The problem
In the material below, begin at the line that has "Ball chain necklace", stop after the line that has "라이스페이퍼 김부각을 만들", and transcribe those lines exactly, without pictures.

Exercise data
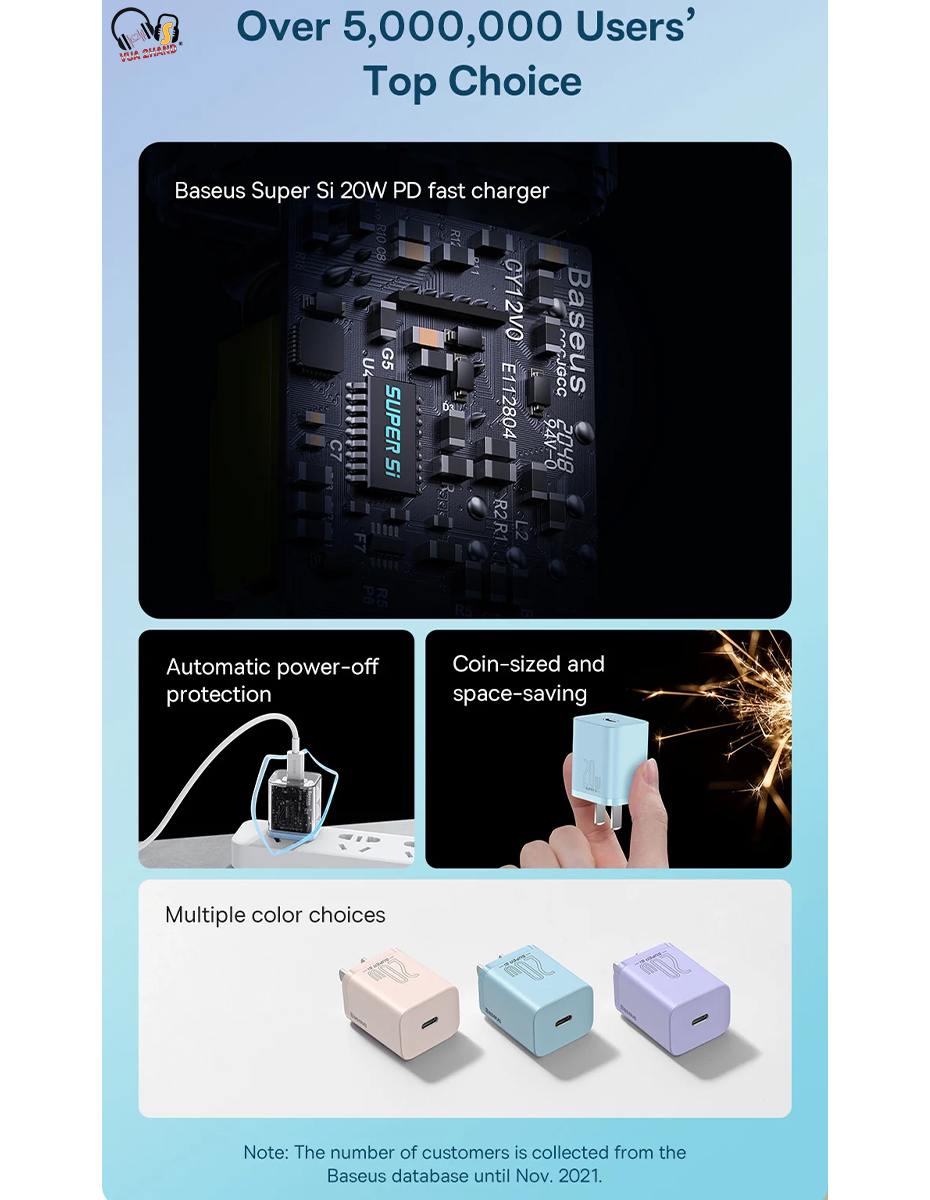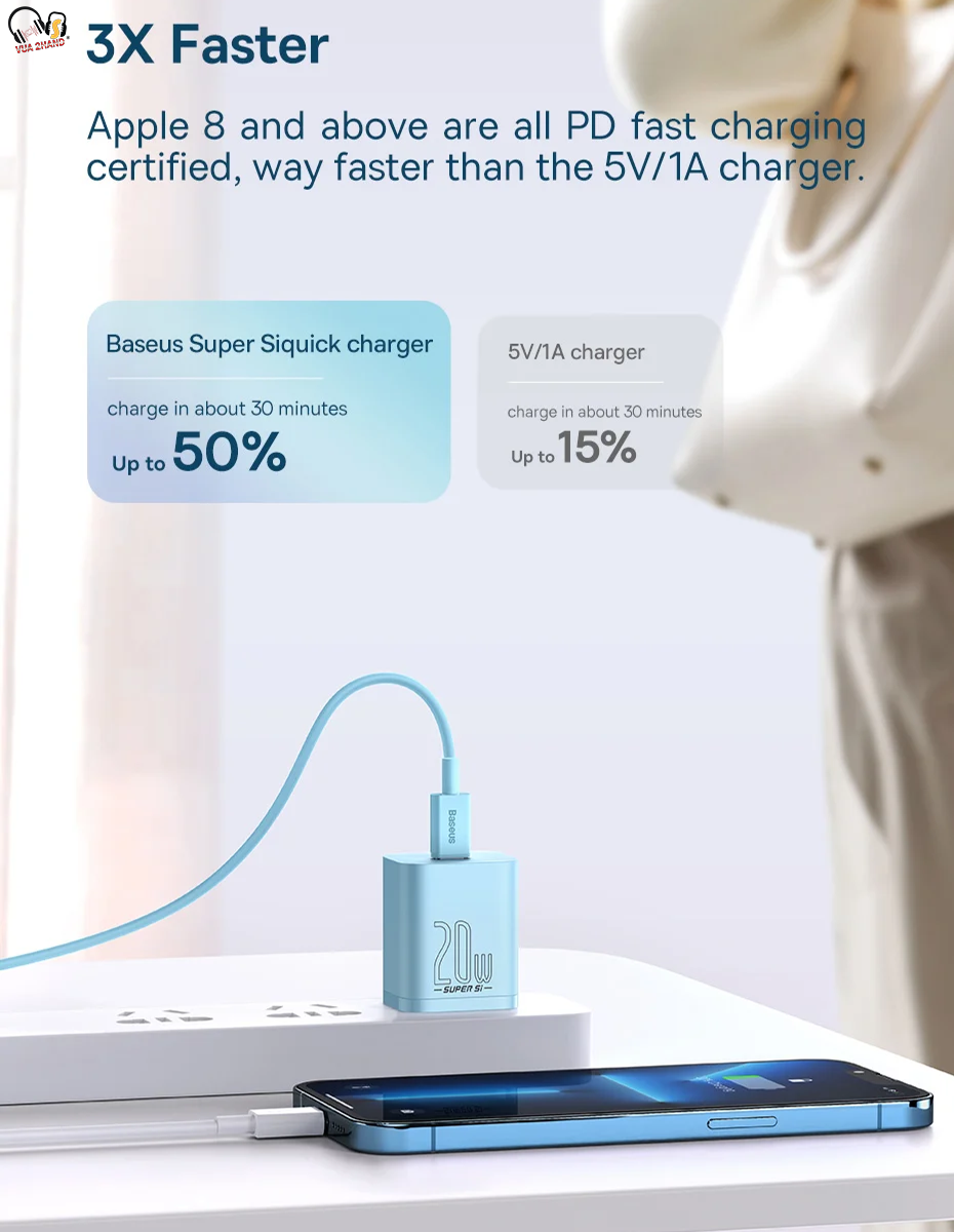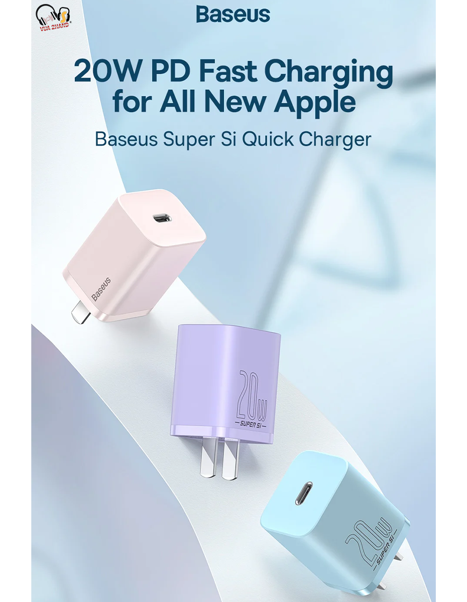 - Nhờ được trang bị công nghệ bán dẫn Super Si nên Bộ sạc nhanh đa năng Baseus Super Si Quick Charger 20W có thể hỗ trợ đồng thời các chuẩn sạc nhanh Power delivery và Quick charge 3.0 với công suất lên đến 20W nhưng với một kích thước vô cùng nhỏ gọn.
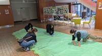 子供達は、お家の方に助けてもらいながら、慎重に金箔を貼っていました。
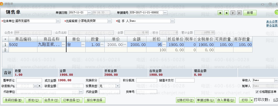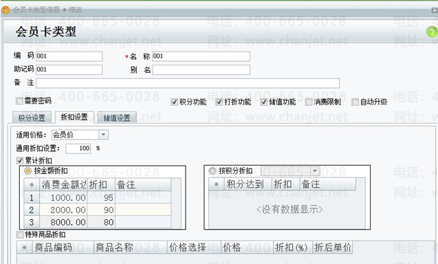 说明:累计折扣设置中的范围是指本次销售之前该客户已经累计消费的金额数,与本次消费金额没有关系。
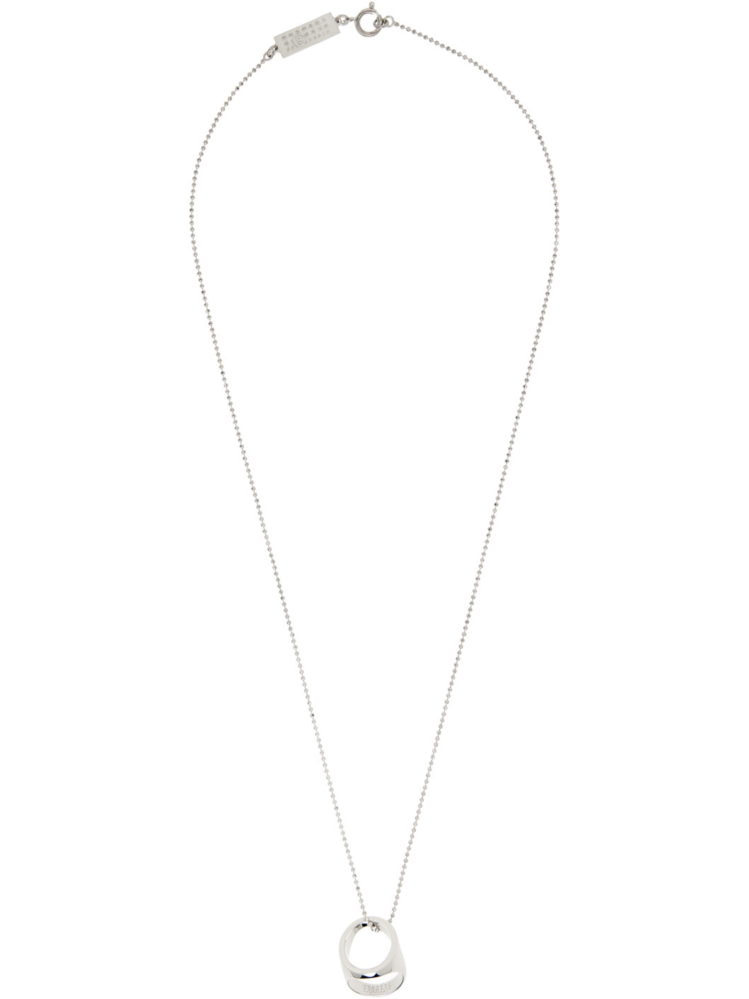 Ball chain necklace in antiqued silver-tone brass. · Signet ring pendant at drop · Logo plaque at spring-ring fastening · L24.5" Supplier color: Polished palladio Brass. Made in Italy 252188M145009
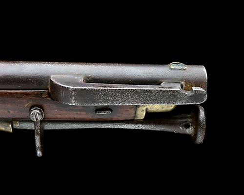 for 1823, with deeply rifled 30 1/4in. barrel marked at breech '32', applied nickel blade fore-sight, rear-sight with one standing and one folding leaf, plain top-tang with pointed tail, flat, slightly curved bevel-edged borderline engraved lock signed 'SILVESTER', stepped-tail, roller-bearing to the frizzen-spring, walnut straight-hand full-stock, raised cheek-piece, brass furniture including rectangular patch-box to the right hand side of butt, trigger-guard bow with raised finger-spur and serpentine side-plate, ramrod channel with expansion slot, iron swivels and replacement iron ramrod (from a Brunswick Rifle), some old drying splits to wood, ramrod thimbles worn
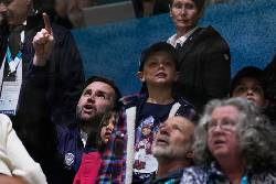 Vance stood to applaud goals scored by the U.S. women’s hockey team, which beat the Czech Republic 5-1 in the preliminary round game at the Milano Rho Ice Hockey Arena.
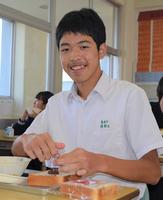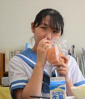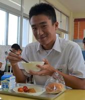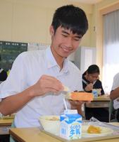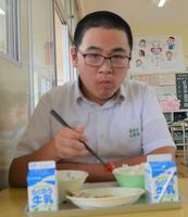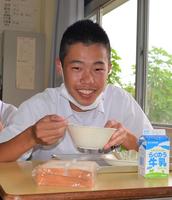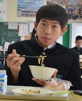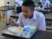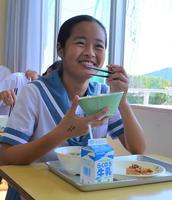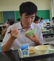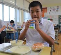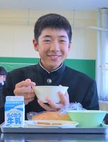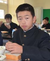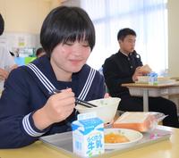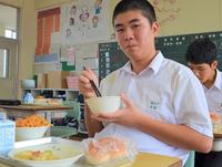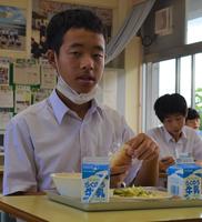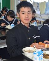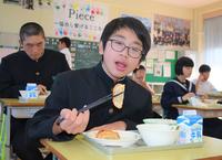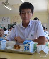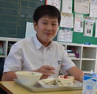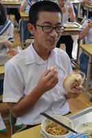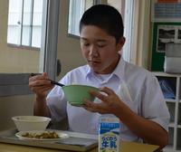 本日の献立は、米粉パン、牛乳、なすとベーコンのスパゲティ、フルーツミックスです。1年生のある男子に今日の給食について聞いてみたところ、「全部美味しかったです」とのことでした。写真は昨日に続き、3年生です。
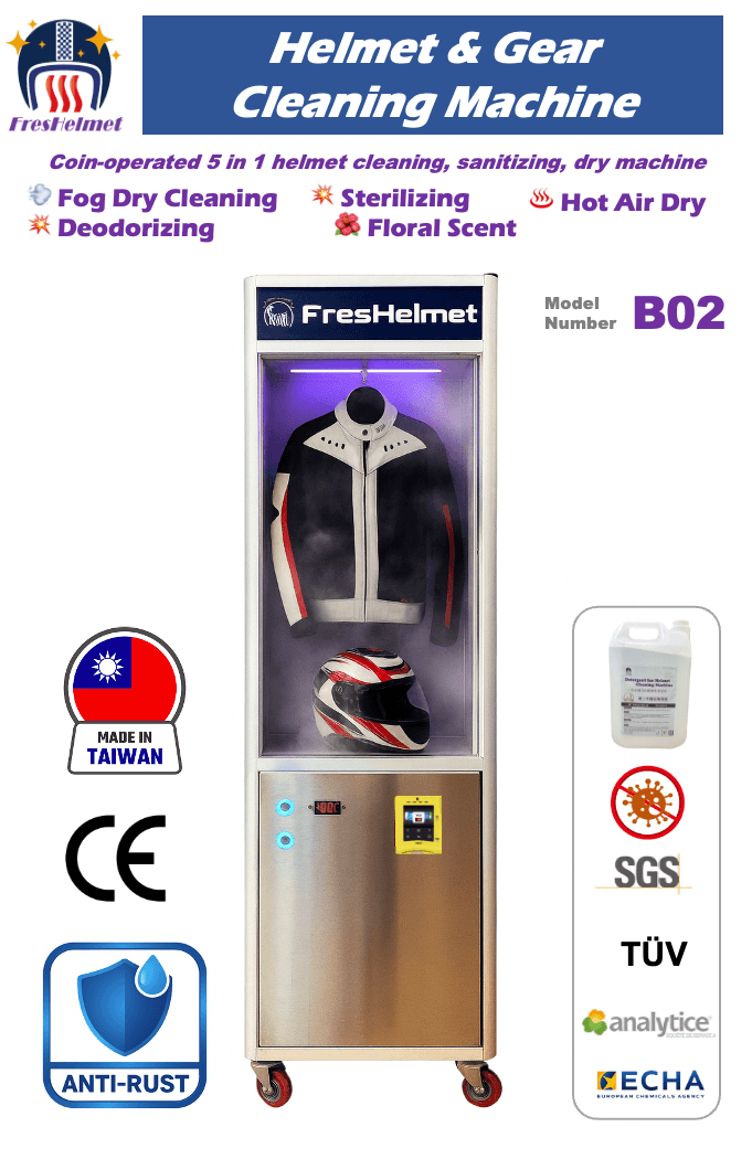 安全帽洗烘機採用煙霧低溫蒸氣輕乾洗,並融合零死角霧化型抗菌除臭清潔液,將消毒的微粒分子附著於內襯與透氣孔裡,不只除菌還除臭呢!
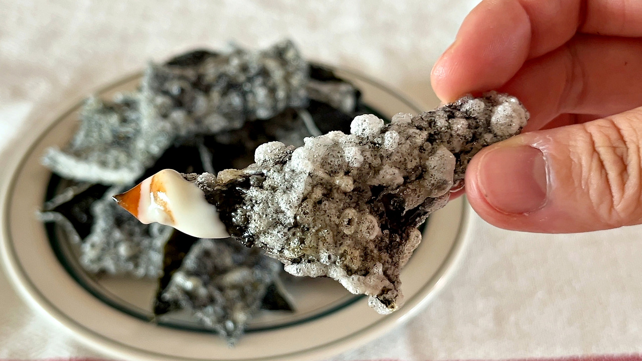 라이스페이퍼 김부각을 만들 때 가장 중요한 단계가 바로 이 단계이다. 여기서 김의 물기를 최대한 말려주어야 한다. 물기가 조금이라도 남아있으면 기름에 넣어 튀겨도 바삭하지 않고, 질긴 식감만 남게 된다. 만약 전자레인지를 사용하기 힘든 환경이라면 바람이 잘 통하는 곳에 두어 몇 시간 동안 충분히 말리고, 전자레인지를 사용할 수 있다면 10초 간격으로 김이 잘 말랐는지 확인해가며 돌려주자.
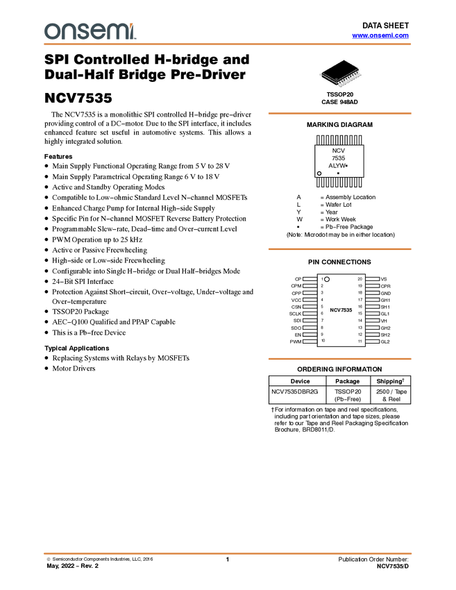NCV7535 FLEXMOS™ SPI controlled H-bridge and Dual-Half Bridge pre-driver
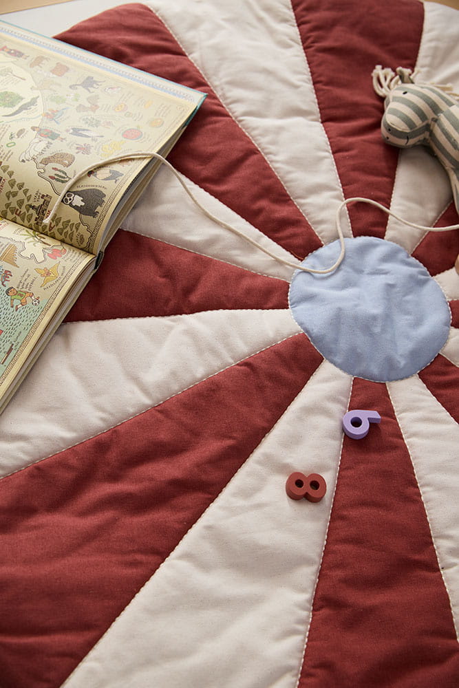 Duża, dekoracyjna i dwustronna mata do zabawy pozwala w prosty sposób stworzyć miękką, przytulną przestrzeń w każdym pomieszczeniu. Została zaprojektowana tak, aby idealnie pasować do namiotu z kolekcji Circus, ale świetnie sprawdzi się również samodzielnie wszędzie tam, gdzie potrzebna jest komfortowa powierzchnia.
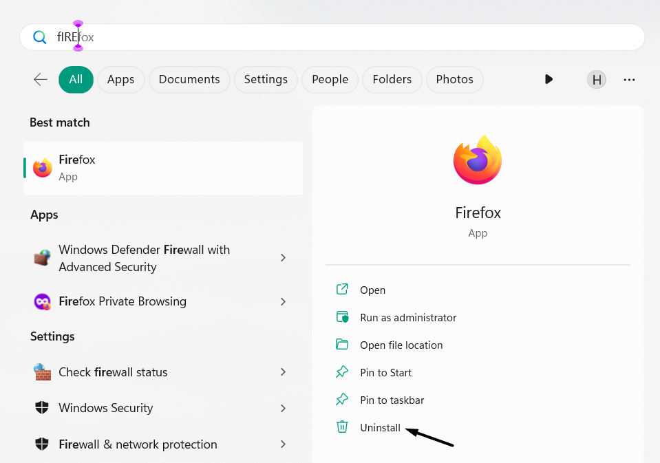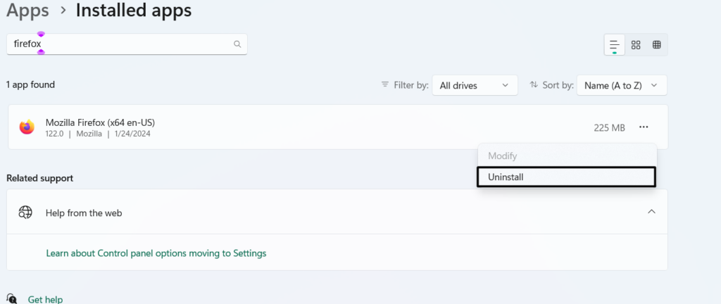 1.Para reinstalar el navegador en su PC, ingrese el nombre del navegador en la búsqueda y haga clic enDesinstalar.

Problem solution
 Ball chain necklace in antiqued silver-tone brass. · Signet ring pendant at drop · Logo plaque at spring-ring fastening · L24.5" Supplier color: Polished palladio Brass. Made in Italy 252188M145009
 for 1823, with deeply rifled 30 1/4in. barrel marked at breech '32', applied nickel blade fore-sight, rear-sight with one standing and one folding leaf, plain top-tang with pointed tail, flat, slightly curved bevel-edged borderline engraved lock signed 'SILVESTER', stepped-tail, roller-bearing to the frizzen-spring, walnut straight-hand full-stock, raised cheek-piece, brass furniture including rectangular patch-box to the right hand side of butt, trigger-guard bow with raised finger-spur and serpentine side-plate, ramrod channel with expansion slot, iron swivels and replacement iron ramrod (from a Brunswick Rifle), some old drying splits to wood, ramrod thimbles worn
 Vance stood to applaud goals scored by the U.S. women’s hockey team, which beat the Czech Republic 5-1 in the preliminary round game at the Milano Rho Ice Hockey Arena.
 本日の献立は、米粉パン、牛乳、なすとベーコンのスパゲティ、フルーツミックスです。1年生のある男子に今日の給食について聞いてみたところ、「全部美味しかったです」とのことでした。写真は昨日に続き、3年生です。
 安全帽洗烘機採用煙霧低溫蒸氣輕乾洗,並融合零死角霧化型抗菌除臭清潔液,將消毒的微粒分子附著於內襯與透氣孔裡,不只除菌還除臭呢!
 라이스페이퍼 김부각을 만들 때 가장 중요한 단계가 바로 이 단계이다. 여기서 김의 물기를 최대한 말려주어야 한다. 물기가 조금이라도 남아있으면 기름에 넣어 튀겨도 바삭하지 않고, 질긴 식감만 남게 된다. 만약 전자레인지를 사용하기 힘든 환경이라면 바람이 잘 통하는 곳에 두어 몇 시간 동안 충분히 말리고, 전자레인지를 사용할 수 있다면 10초 간격으로 김이 잘 말랐는지 확인해가며 돌려주자.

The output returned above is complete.